## Dataset excerpt
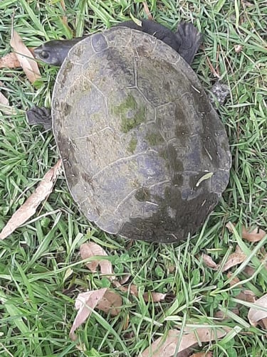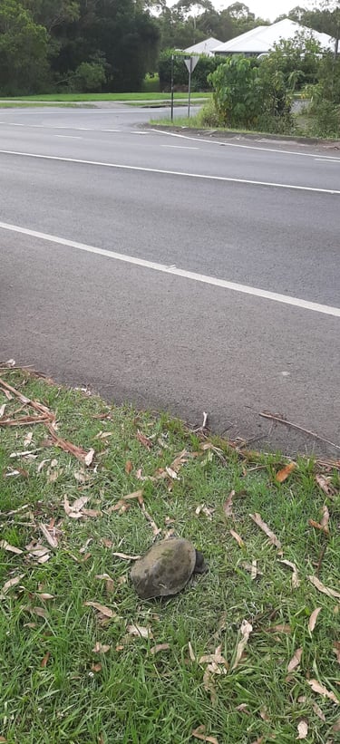 This turtle was rescued trying to cross Lake Macdonald Drive two days after the 24 November stormwater pollution.
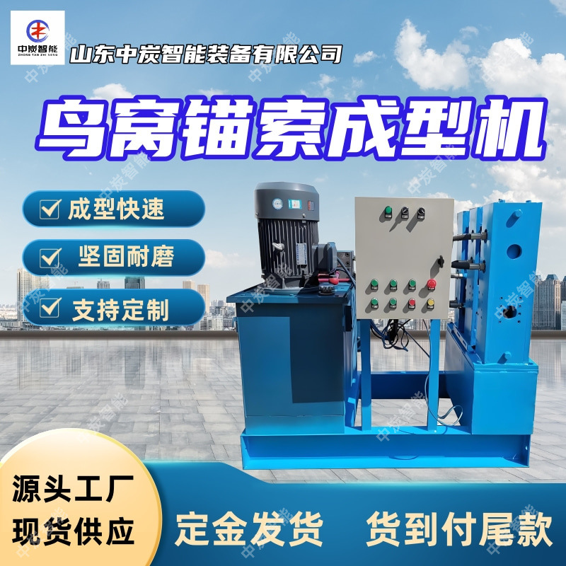 鸟巢锚索成型机是专门用于矿用锚索鸟巢的加工。本设备操作简单、效率高,且大大的节省了人力节约了成本。近几年我国采准巷道锚网支护迅速发展,鸟巢锚索成型机已被矿山广泛使用。鸟巢式锚索是加拿大、澳大利亚、美国等发达国家80年代以后广泛应用的一种新型锚索。该锚索的特点是在锚索的锚固段添加了3-4个鸟巢形的笼起。
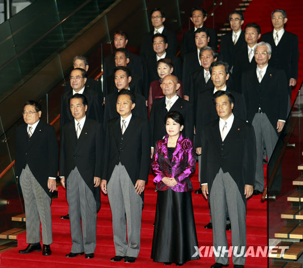 9月16日, 在东京首相官邸,新任日本首相鸠山由纪夫(前中)率内阁成员在媒体前集体亮相。当日,鸠山由纪夫经国会众参两院首相指名选举当选为日本新一任首相,并组建新内阁。新华社记者任正来摄
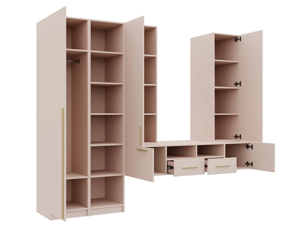 Петли без доводчиков. Направляющие шариковые 100% выдвижения без доводчика. Штанга металл Ф25мм. Ручки: Ручка CPA1 мебельная накладная м.ц.160 мм L 188мм,алюминий золото RCPА1A.188GADI, Ручка CPA1 мебельная накладная м.ц. мм L 1000мм,алюминий золото RCPА1A.1000GADI

## Work request
Leave out any pictures and return exactly the lines from the beginning of the data through the line with "9月16日, 在东京首相官邸", inclusive.

## The completed task
 This turtle was rescued trying to cross Lake Macdonald Drive two days after the 24 November stormwater pollution.
 鸟巢锚索成型机是专门用于矿用锚索鸟巢的加工。本设备操作简单、效率高,且大大的节省了人力节约了成本。近几年我国采准巷道锚网支护迅速发展,鸟巢锚索成型机已被矿山广泛使用。鸟巢式锚索是加拿大、澳大利亚、美国等发达国家80年代以后广泛应用的一种新型锚索。该锚索的特点是在锚索的锚固段添加了3-4个鸟巢形的笼起。
 9月16日, 在东京首相官邸,新任日本首相鸠山由纪夫(前中)率内阁成员在媒体前集体亮相。当日,鸠山由纪夫经国会众参两院首相指名选举当选为日本新一任首相,并组建新内阁。新华社记者任正来摄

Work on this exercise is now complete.